*** Dataset extract

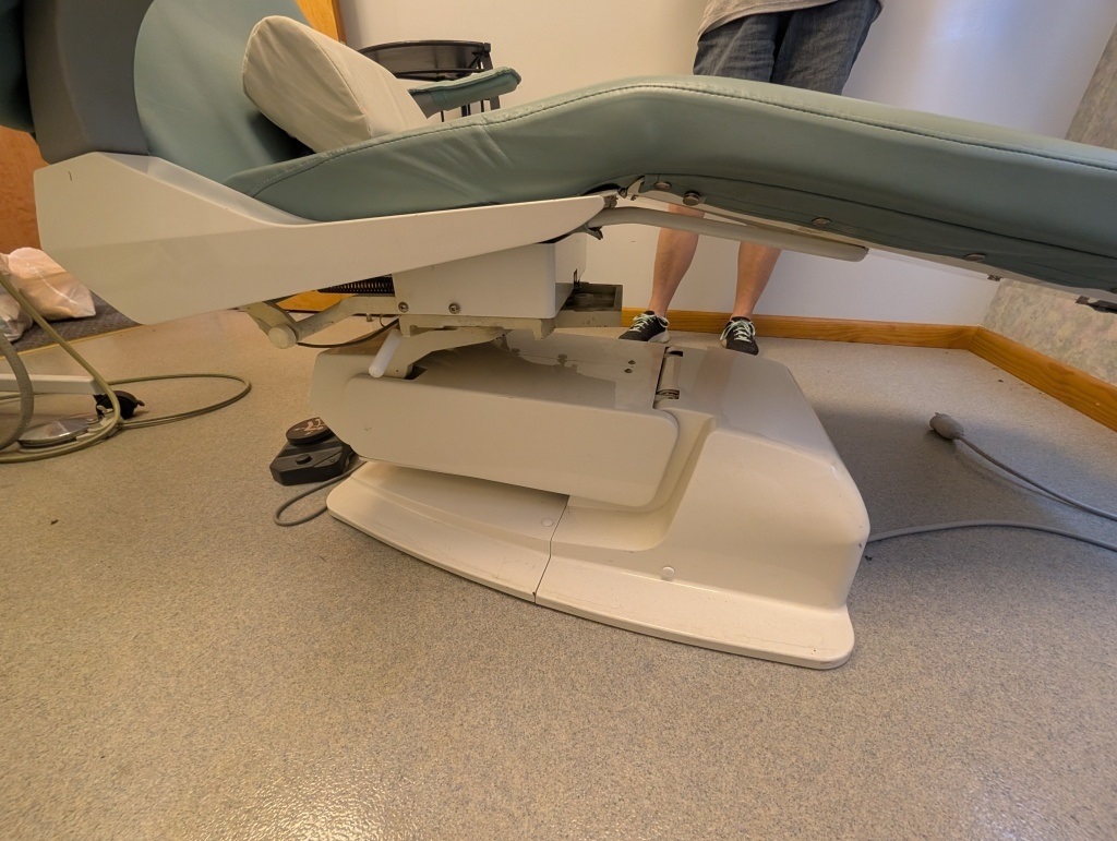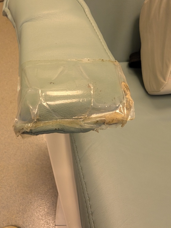 SHOWS WEAR ON RIGHT ARM, WITH EXTRA PILLOW, TURNS ON AND MOVES
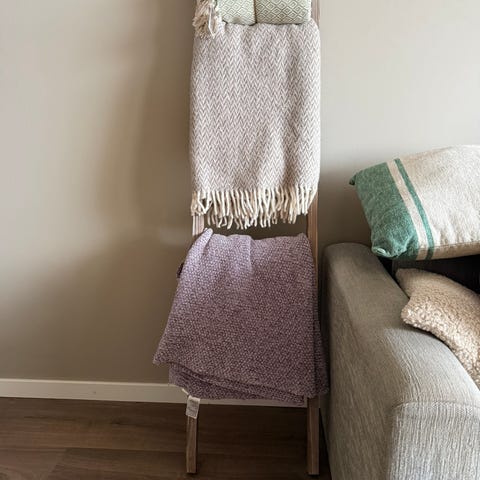 Hjemmestrikket pute i ull med sintetisk pute. Pled tror jeg er i bomull.
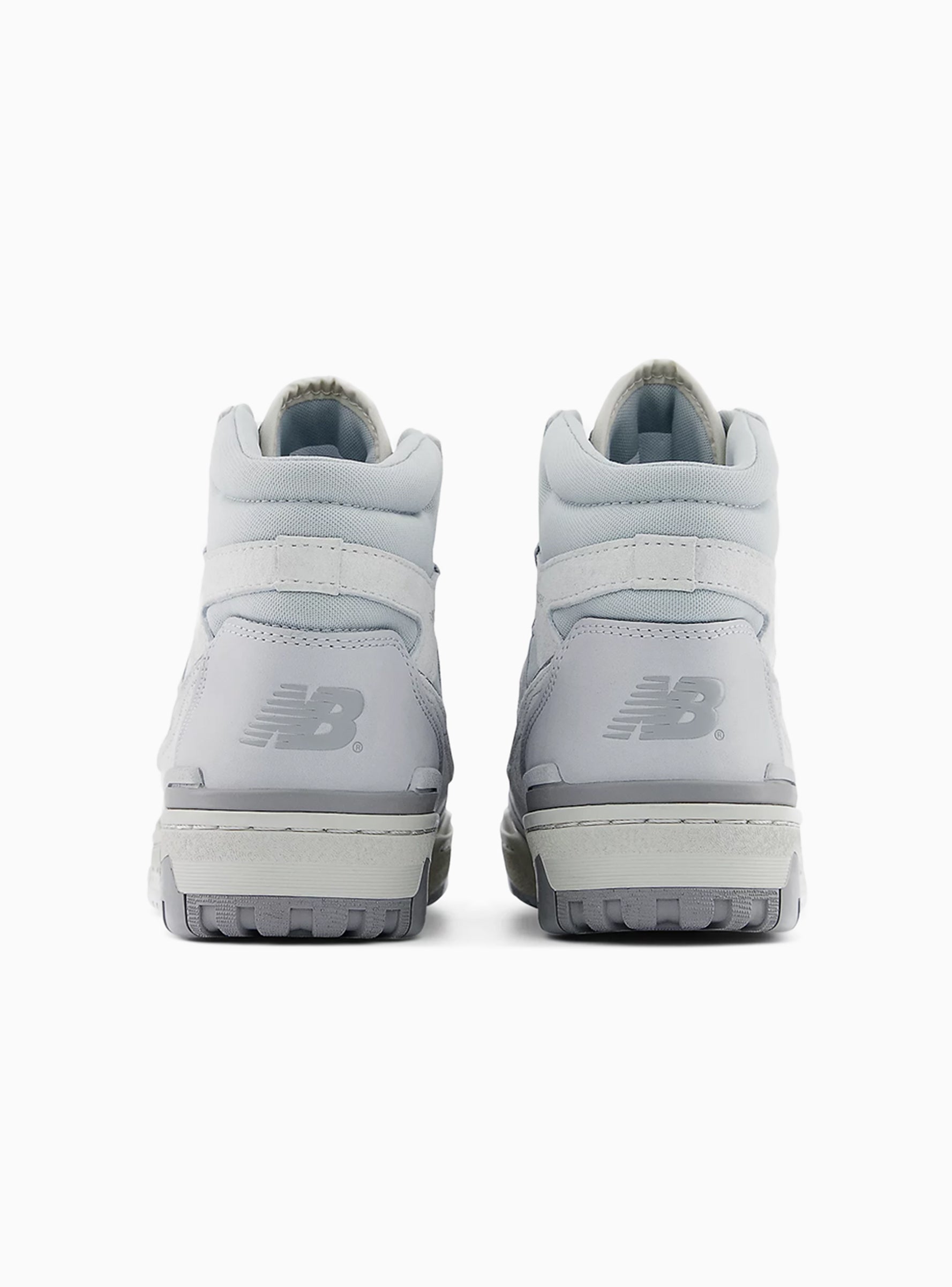 First debuted on the courts in 1989, this light aluminium and rain cloud-grey iteration of New Balance's 650 trainers are made from leather with nubuck overlays and set on exposed EVA mid soles.

******

__Your instructions__:
Restate all of the data word for word and include no pictures.

__Result__:
 SHOWS WEAR ON RIGHT ARM, WITH EXTRA PILLOW, TURNS ON AND MOVES
 Hjemmestrikket pute i ull med sintetisk pute. Pled tror jeg er i bomull.
 First debuted on the courts in 1989, this light aluminium and rain cloud-grey iteration of New Balance's 650 trainers are made from leather with nubuck overlays and set on exposed EVA mid soles.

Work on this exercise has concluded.